START Material provided

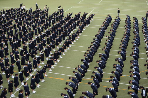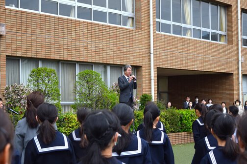 全校生徒が校庭に集まり、在校生と新入生が初めて顔を合わせました!
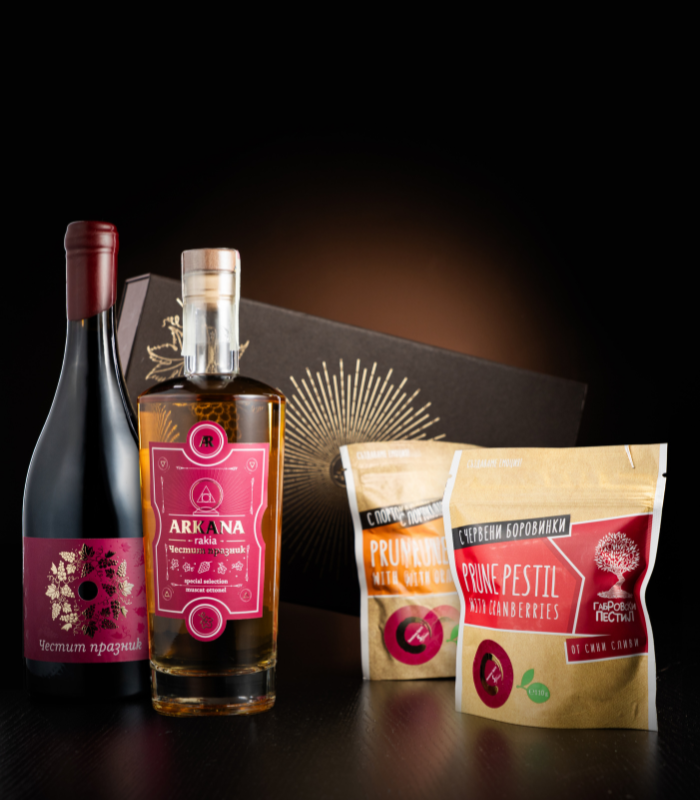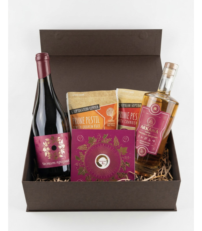 Това е подарък с характер и изискано присъствие, подходящ както за личен жест, така и за бизнес повод. Комбинацията между вино, ракия и внимателно подбрани сладки акценти създава усещане за завършеност, топлина и отношение. Подаръчен комплект, който не просто впечатлява с визия, а оставя усещане за вкус, стил и специално отношение.
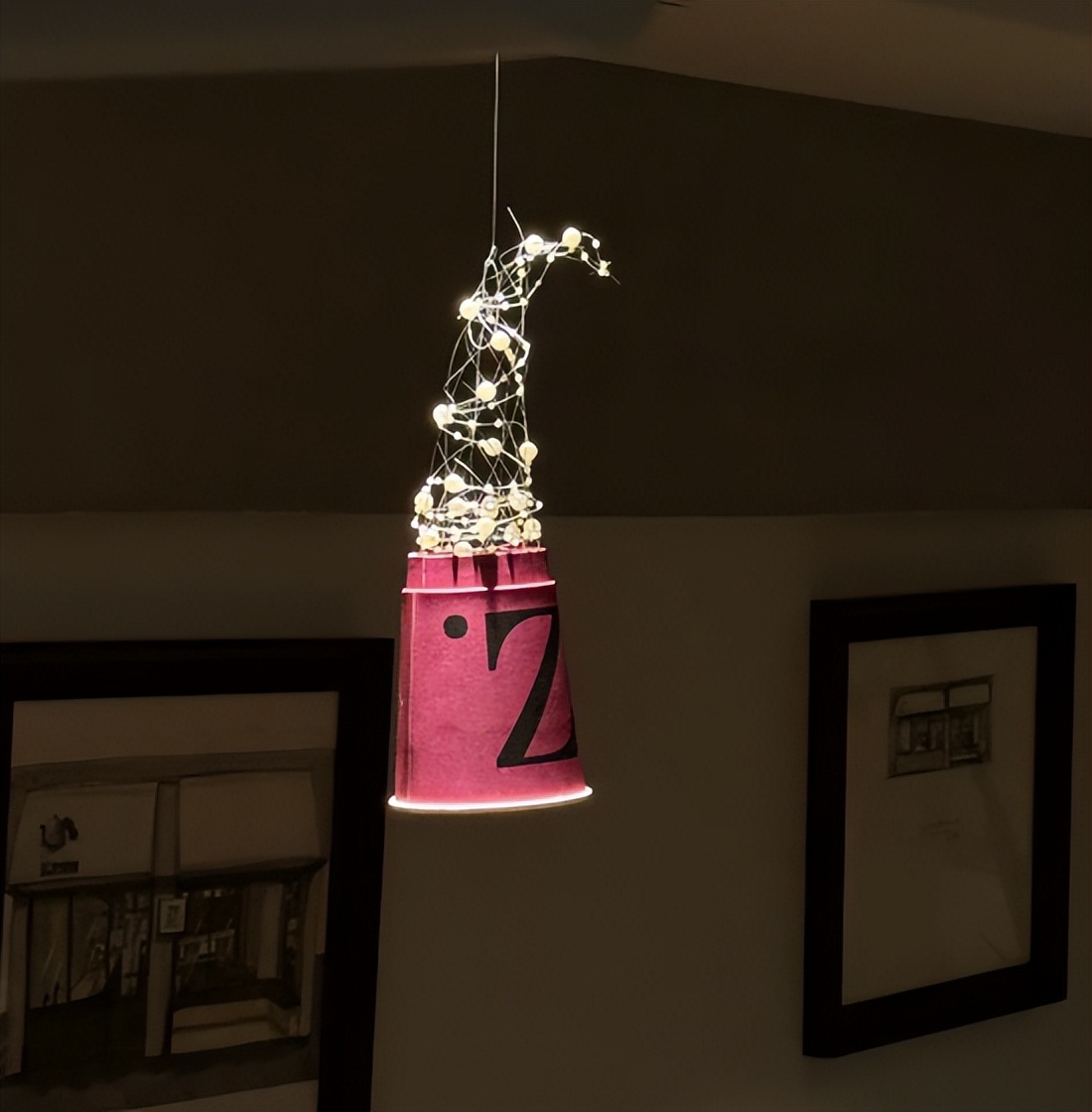 纸杯上面缠绕几圈串灯,点亮之后,挂在家里,真的特别好看,氛围感满分。

END Material provided

→ Your goal:
Could you restate all of the data above word for word and skip every picture?

→ Solution to this exercise:
 全校生徒が校庭に集まり、在校生と新入生が初めて顔を合わせました!
 Това е подарък с характер и изискано присъствие, подходящ както за личен жест, така и за бизнес повод. Комбинацията между вино, ракия и внимателно подбрани сладки акценти създава усещане за завършеност, топлина и отношение. Подаръчен комплект, който не просто впечатлява с визия, а оставя усещане за вкус, стил и специално отношение.
 纸杯上面缠绕几圈串灯,点亮之后,挂在家里,真的特别好看,氛围感满分。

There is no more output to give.